Fig. 11 is a schematic flow chart of implementation of the energy saving management strategy according to the embodiment of the present invention, including steps S61 to S62.
In step S61, the operator issues an energy-saving operation instruction through the energy-saving visualization platform module 104 according to the optimal energy-saving operation data.
In step S62, the device parameter data, the power distribution data, and the start-stop data of the on-site charging/discharging device unit 1011 are adjusted according to the energy-saving operation instruction, so that the devices on the production site operate according to the optimal energy-saving operation data. Therefore, parameters of the field device are adjusted according to the optimal energy-saving operation data, so that alternating current energy of an alternating current power grid on site is transmitted to the battery with maximum efficiency, and the charging efficiency is ensured.
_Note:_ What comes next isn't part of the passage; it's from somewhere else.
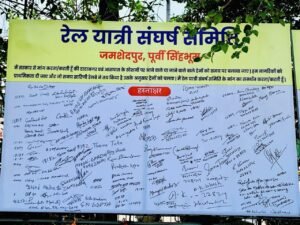 जमशेदपुर में भीषण गर्मी के बावजूद ट्रेनों की लेटलतीफी के विरुद्ध टाटानगर स्टेशन परिसर में रविवार को रेल यात्री संघर्ष समिति के तत्वावधान में हस्ताक्षर अभियान चलाया गया। तपती धूप में हस्ताक्षर अभियान की शुरुआत जमशेदपुर पश्चिम के विधायक सरयू राय ने खुद हस्ताक्षर करके की। इसके बाद रेल यात्रियों ने ह्वाइट बोर्ड पर हस्ताक्षर किये। लोगों ने स्वतःस्फूर्त भाव से हस्ताक्षर किये और कई लोगों ने तो उसी वक्त सोशल मीडिया पर वीडियो भी पोस्ट कर दिया।

In the embodiment of the invention, the maximum efficiency of electric energy conversion is ensured by adjusting the equipment parameter data, the power distribution data and the start-stop data contained in the charge-discharge equipment unit 1011.
The embodiment of the second aspect of the invention provides a control method of the intelligent charge-discharge energy-saving management system of the visual battery, which is based on the intelligent charge-discharge energy-saving management system of the visual battery, and the control method is used for efficiently completing the control of the energy-saving management system by the steps of collecting data, converting the data, intelligently analyzing and processing the data and visualizing the data, providing an energy-saving strategy for an operator intelligently, enabling the operator to know the on-site charge-discharge condition in real time and effectively saving energy. In summary, the control method provided by the invention intelligently analyzes the collected data of the whole operation site, simply and quickly obtains the optimal operation data through deep learning, helps operators to determine related energy-saving operation, and utilizes a visualization technology to enable users to intuitively recognize the energy-saving effect through the related data, so that the energy-saving effect visualization is achieved, and the energy-saving requirement of enterprises is fully met.
Although the present disclosure is described above, the scope of protection of the present disclosure is not limited thereto. Various changes and modifications may be made by one skilled in the art without departing from the spirit and scope of the disclosure, and these changes and modifications will fall within the scope of the invention.